A template file, rl_agent.py, is provided, which has a skeleton for you to fill in to complete your agent. A complete test harness (test_cart_pole.py) is also available—this is the same test program we will run to verify the performance of your agent.

Setting Up OpenAI Gym for CartPole-v0
OpenAI Gym can be easily installed using the Python pip3 tool, as follows:

$ pip3 install gym
Many tutorials are available online that explain how to set up and use different Gym environments. Your task is to implement an RL agent that solves the CartPole-v0 task in Gym, which involves the balancing of an inverted pendulum. There are only two possible actions in this environment: push left and push right.

Implementing Your Agent
You should add your agent code to the rl_agent.py file, inside the CartPoleAgent class. You may also implement additional support classes and functions in this file, if you choose to.
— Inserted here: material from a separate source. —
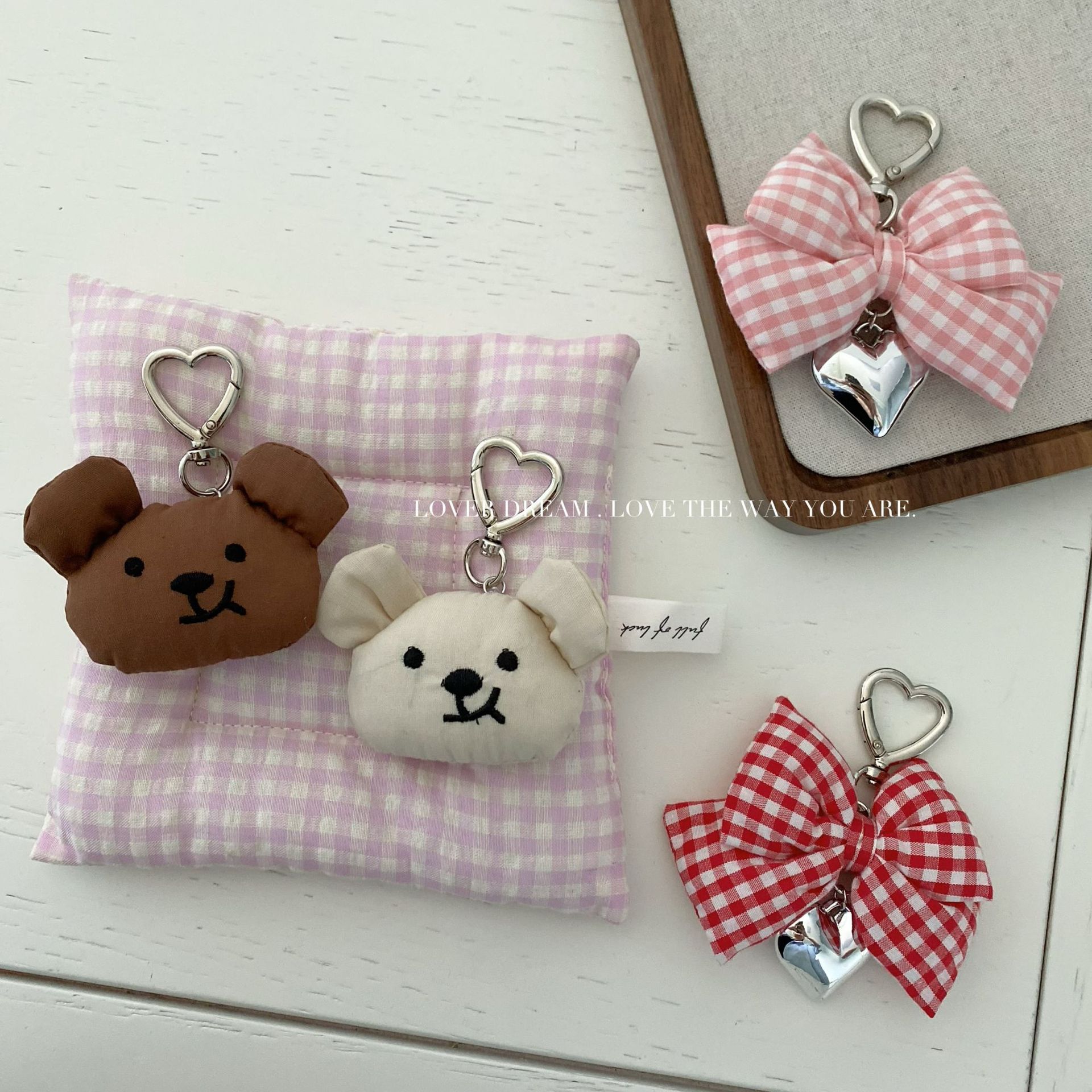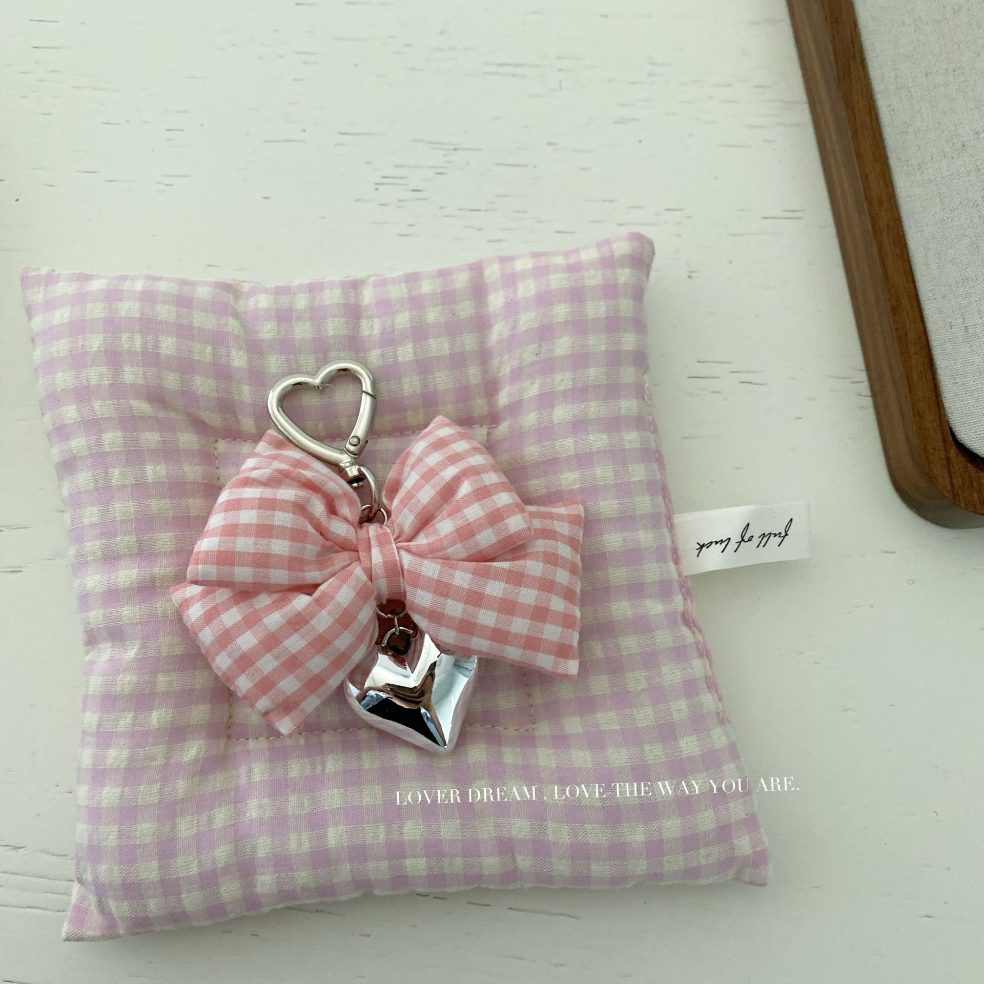 pink plaid college style bow love pendant

The comments inside the rl_agent.py file indicate which methods need to be completed.

There is some flexibility in terms of implementation—you are encouraged to review the AIMA text as well as the very popular (and free!) Sutton & Barto book for possible RL strategies (e.g., policy gradient). The limitations are as follows:

•    you must build an RL agent—your code should make use of the reward signal to improve the agent’s performance (we have not provided a specific discount factor and you will need to carry out some experimentation); and



 

•    you may only use the Python libraries that are imported at the top of the rl_agent.py file (random, math, and numpy).[1]


 
[1] Without this restriction, there are simply too many existing implementations available online—you may use these as a reference but may not copy any code directly.